Activity
Would you transcribe the listing that follows word for word, skipping pictures?
--- Collected data Enclosed Below ---
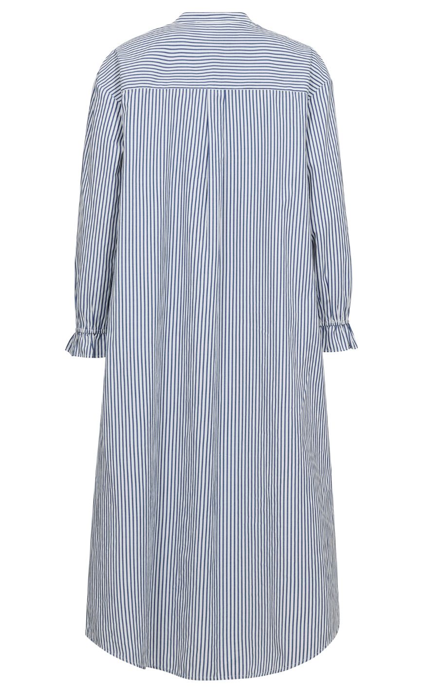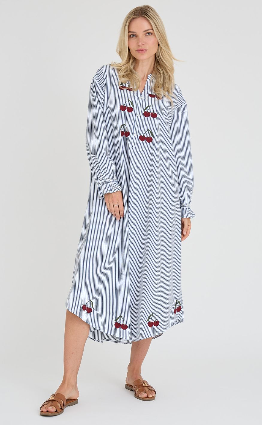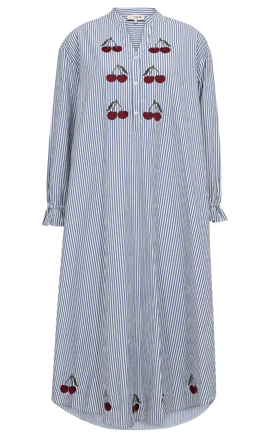 Stribet kjole fra A-View med fine broderede kirsebær, der tilfører et legende og feminint udtryk. Kjolen har kinakrave, knaplukning ved brystet og lange ærmer med let rynket afslutning.
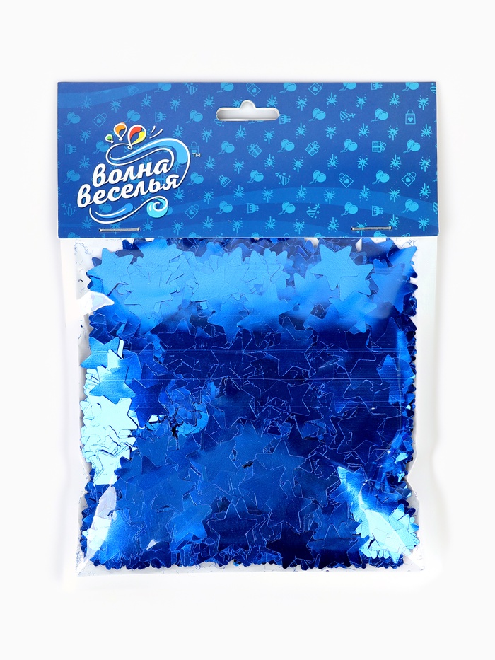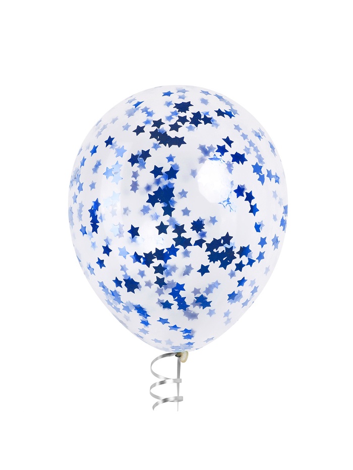 Синее металлическое звёздчатое конфетти — как ”рассыпанный ночной небосвод в миниатюре“. Его оттенок балансирует между глубиной морской волны и свежестью зимнего заката: сдержанный, но выразительный, спокойный, но не нейтральный. Такой наполнитель подчёркивает продуманность оформления — особенно в темах, где важна атмосфера: ”Космос“, ”Морская сказка“, ”Зимняя сказка без снега“, ”Мальчишник под звёздами“.
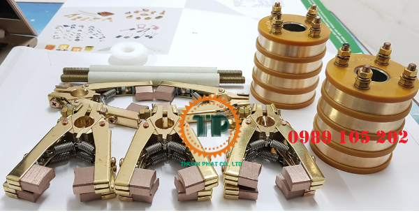 Cổ góp điện 4 vành đường kích 40 x 80 x 95 mm sử dụng bộ giá đỡ chổi than 8 x 12 x 32 mm có khả năng tiếp xúc và dẫn điện tốt, dễ dàng trong việc lắp đặt và thay thế.
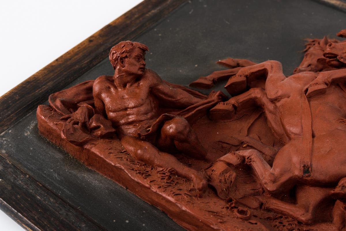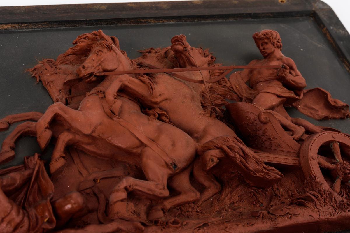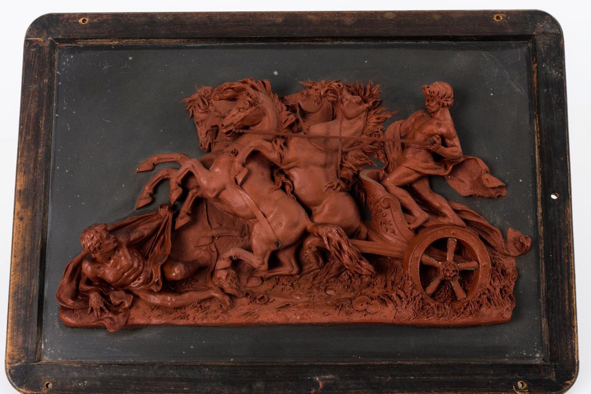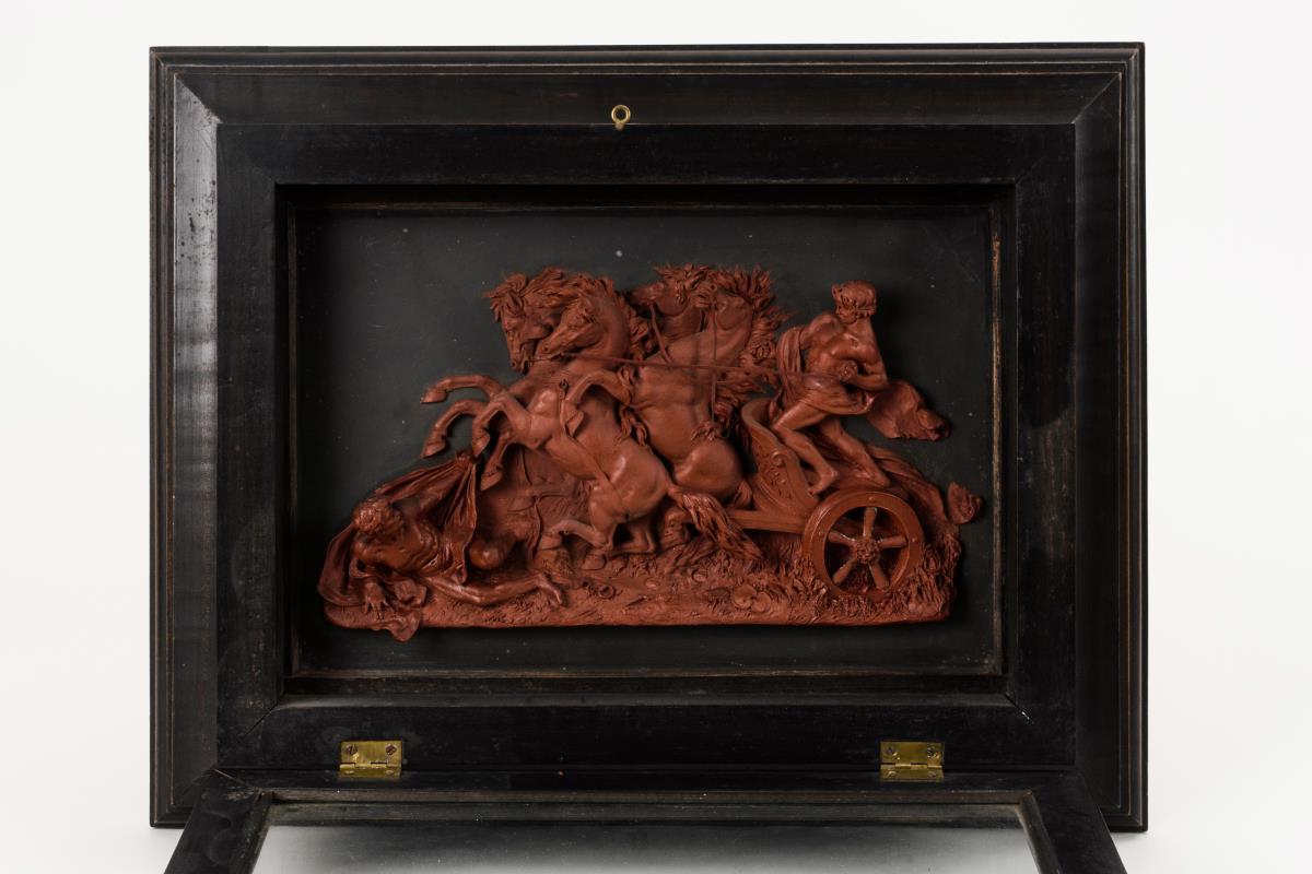 Wachsbossierung: Dramatische Szene mit einem Streitwagen (Pelops und Oinomaos?)
--- End of Enclosed Collected data ---
Problem solution
 Stribet kjole fra A-View med fine broderede kirsebær, der tilfører et legende og feminint udtryk. Kjolen har kinakrave, knaplukning ved brystet og lange ærmer med let rynket afslutning.
 Синее металлическое звёздчатое конфетти — как ”рассыпанный ночной небосвод в миниатюре“. Его оттенок балансирует между глубиной морской волны и свежестью зимнего заката: сдержанный, но выразительный, спокойный, но не нейтральный. Такой наполнитель подчёркивает продуманность оформления — особенно в темах, где важна атмосфера: ”Космос“, ”Морская сказка“, ”Зимняя сказка без снега“, ”Мальчишник под звёздами“.
 Cổ góp điện 4 vành đường kích 40 x 80 x 95 mm sử dụng bộ giá đỡ chổi than 8 x 12 x 32 mm có khả năng tiếp xúc và dẫn điện tốt, dễ dàng trong việc lắp đặt và thay thế.
 Wachsbossierung: Dramatische Szene mit einem Streitwagen (Pelops und Oinomaos?)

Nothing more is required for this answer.